- WHAT IS NEEDED -
Repeat exactly the lines of the records below, starting at the line containing "An antique solid" and ending at the line containing "colette ecru and red linen tie shirt". Leave the pictures out.

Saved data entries
+---+
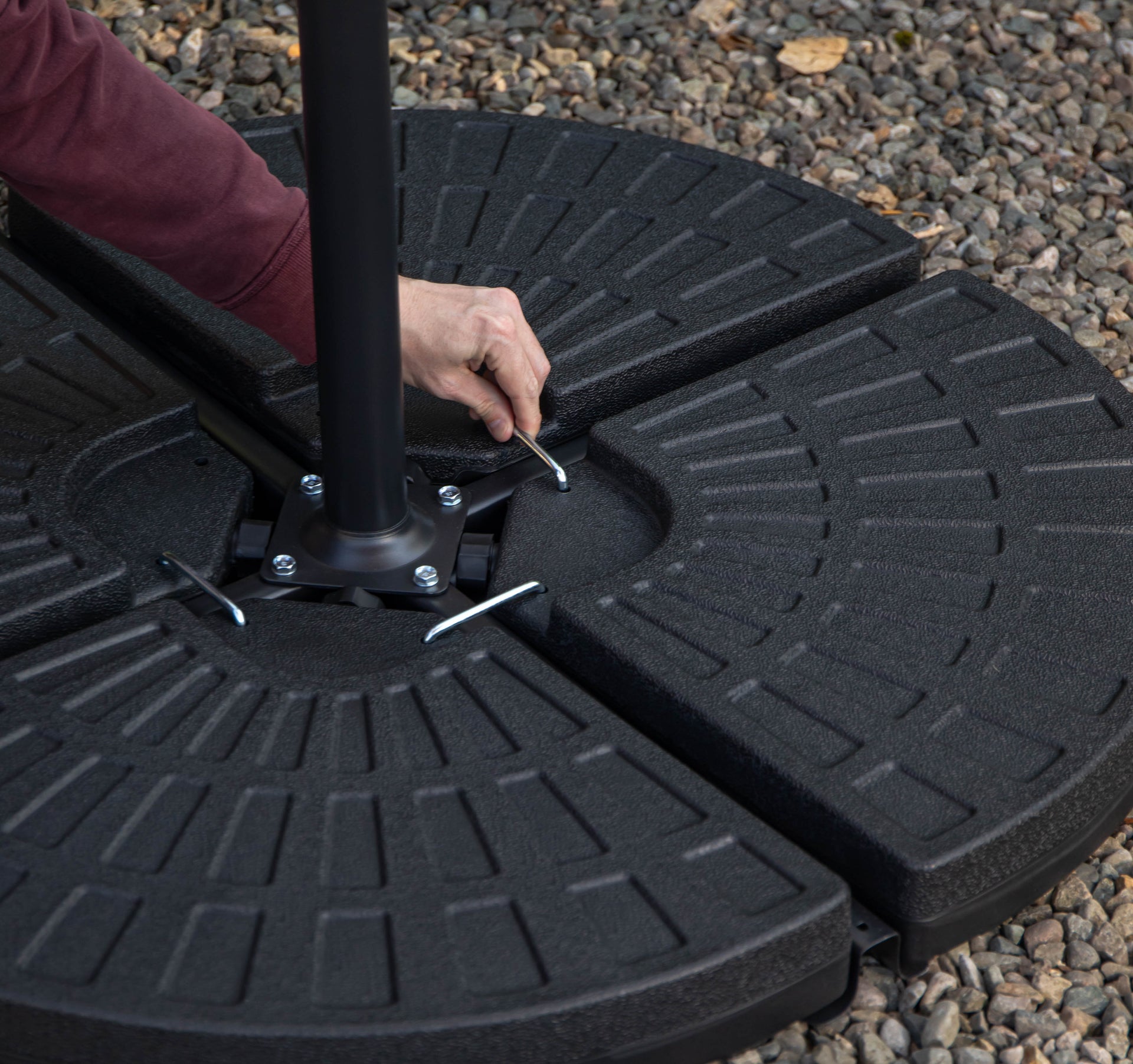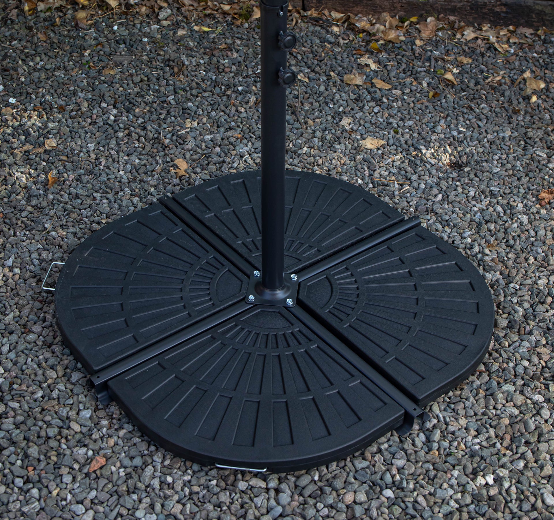 Enjoy stylish shade day and night with this elegant black banana parasol, complete with base weights for added stability. Featuring a generous 3m canopy, it provides ample coverage to keep you cool, comfortable, and protected from the sun in your outdoor space. Designed with both function and sophistication in mind, this garden parasol boasts a sleek, modern look that adds a refined touch to any patio or garden setting. As the sun sets, the parasol comes to life with 24 white LED lights integrated into the canopy ribs, creating a warm and inviting ambience for evening gatherings. The crank handle ensures smooth opening and closing, while each base weight can be filled with sand or water for secure positioning during use.
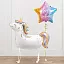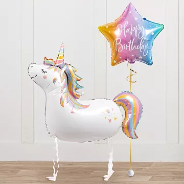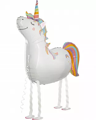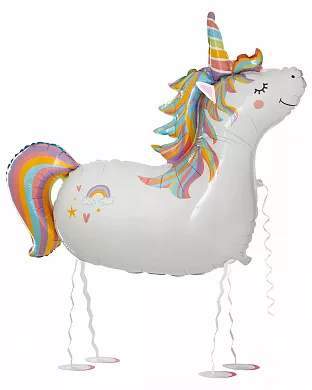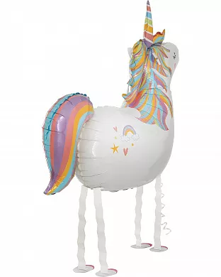 Чтобы фигура "стояла" и "ходила" по полу, единорожку необходимо надувать только гелием. В комплекте присутствуют картонные ножки-грузики, благодаря которым шар не взлетает, а слегка прижимается к земле. Наполненный гелием, он будет выглядеть так, как будто стоит, и вы сможете ходить с ним, используя прикрепленную ленту спереди шара.
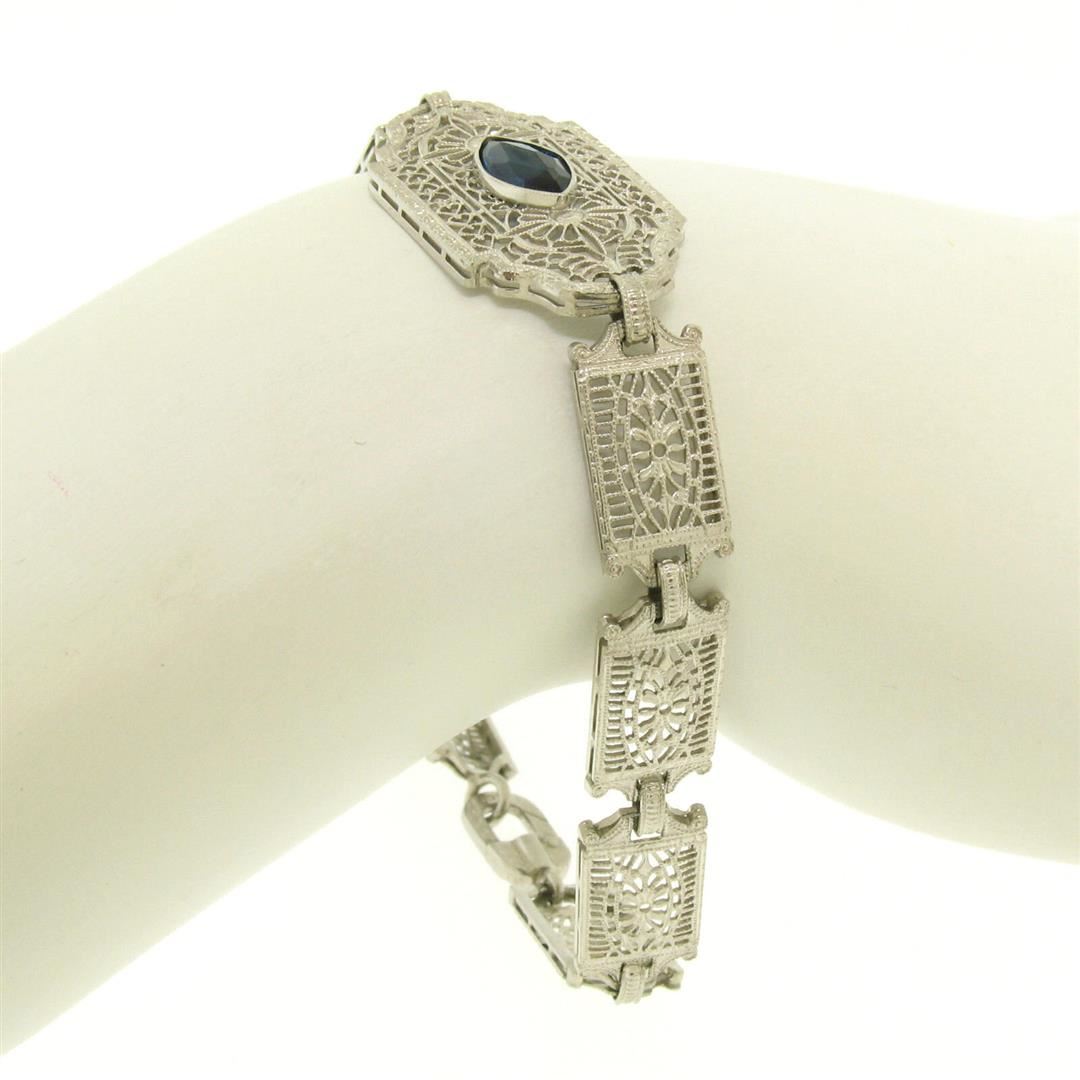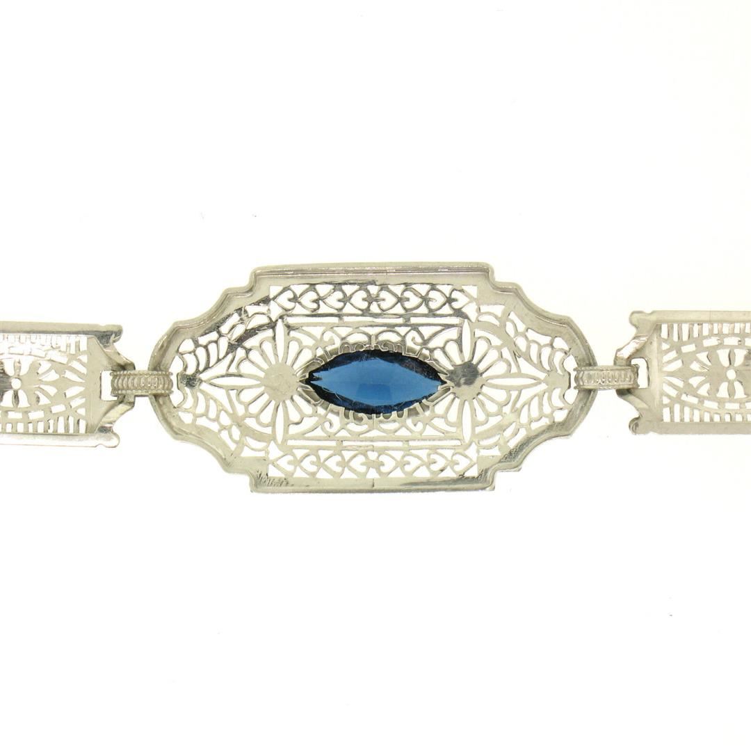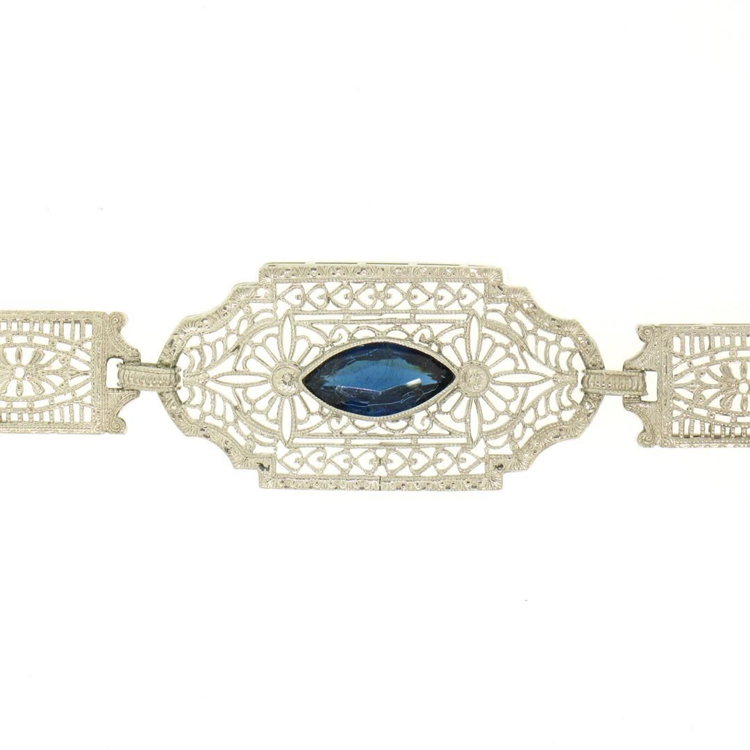 An antique solid 10k white gold filigree link bracelet, with 1 marquise cur natural sapphire (10.16x5.08mm). It weighs a total of 7.5 grams, measures 15.20mm wide, and measures 7 inches in length.
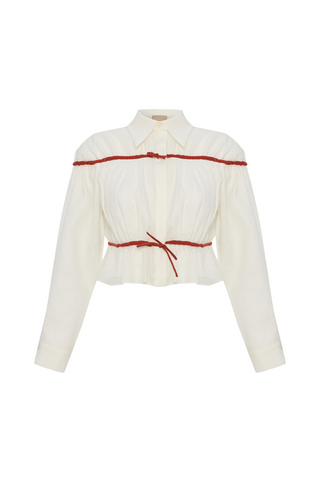 colette ecru and red linen tie shirt
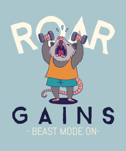 T-Shirt Design Template Featuring an Illustrated Possum Working Out
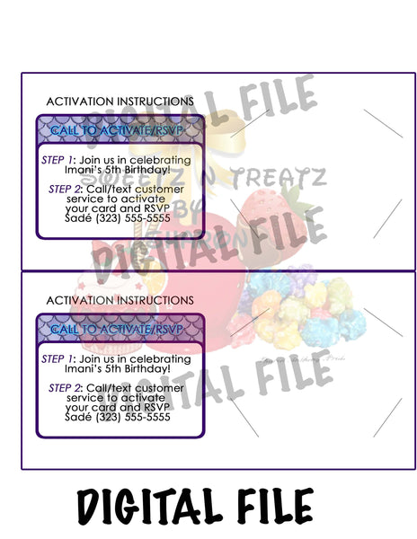 **FOR BEST RESULTS CHOOSE GLOSSY BROCHURE PAPER FOR THE INVITATION CARDS AND THE ACTIVATION SLIP USES REGULAR CARD STOCK (AT LEAST 80 LB IS THE SUGGESTION)***
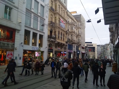 Многочисленные гости и жители Стамбула на улице Истикляль
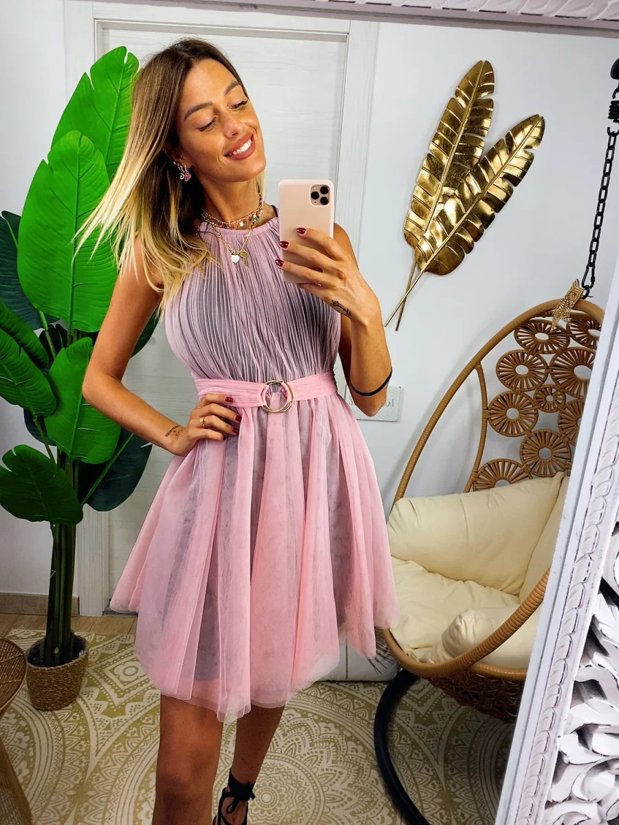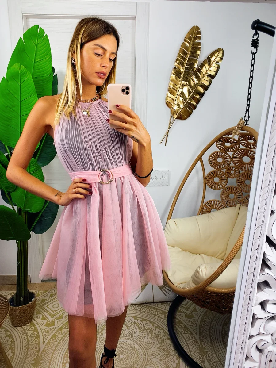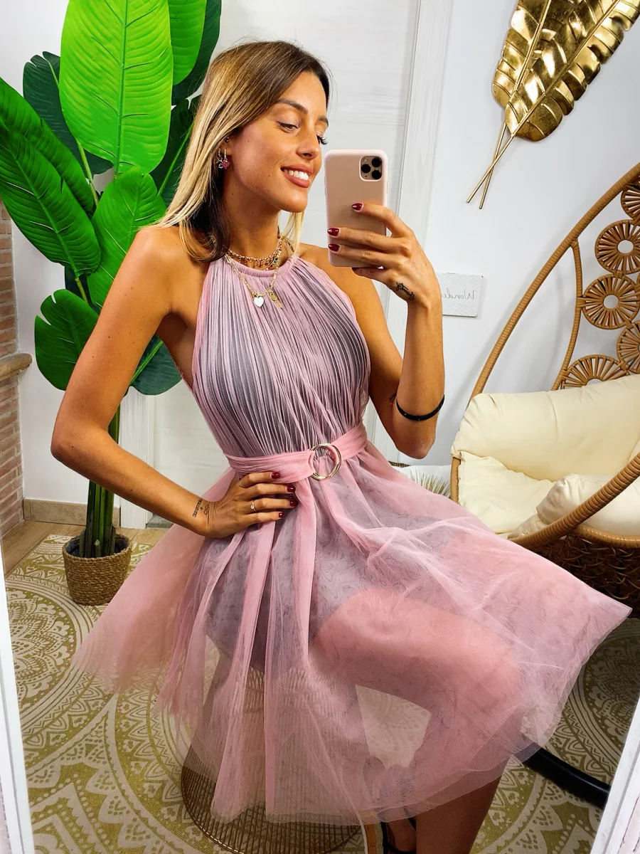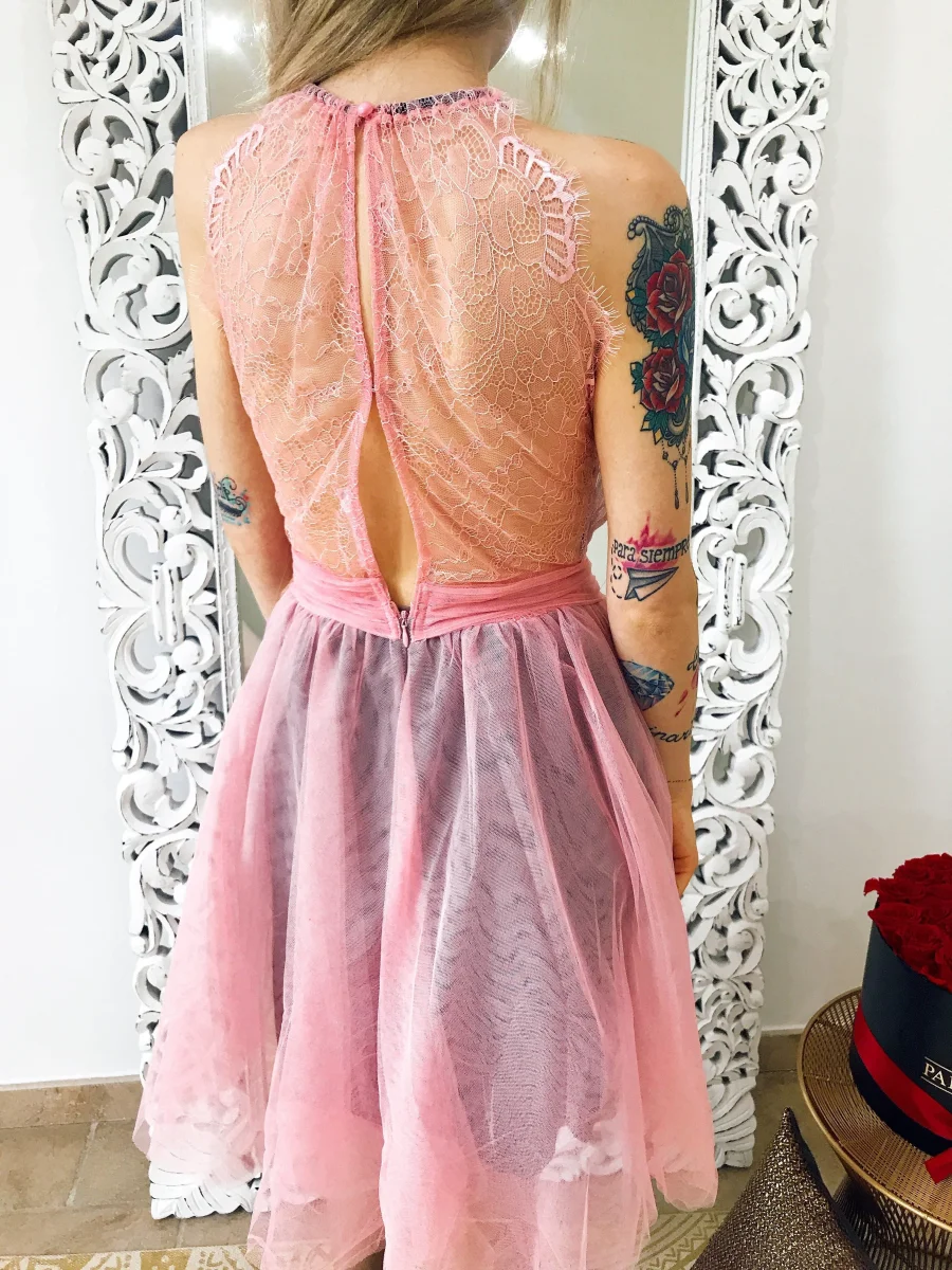 Abito da cerimonia Corto in tulle altissima qualità con occhiello al centro per stringere la vita e schiena leggermente aperta rifinita in pizzo.
+---+
- OUTPUT FOR THIS EXERCISE -
 An antique solid 10k white gold filigree link bracelet, with 1 marquise cur natural sapphire (10.16x5.08mm). It weighs a total of 7.5 grams, measures 15.20mm wide, and measures 7 inches in length.
 colette ecru and red linen tie shirt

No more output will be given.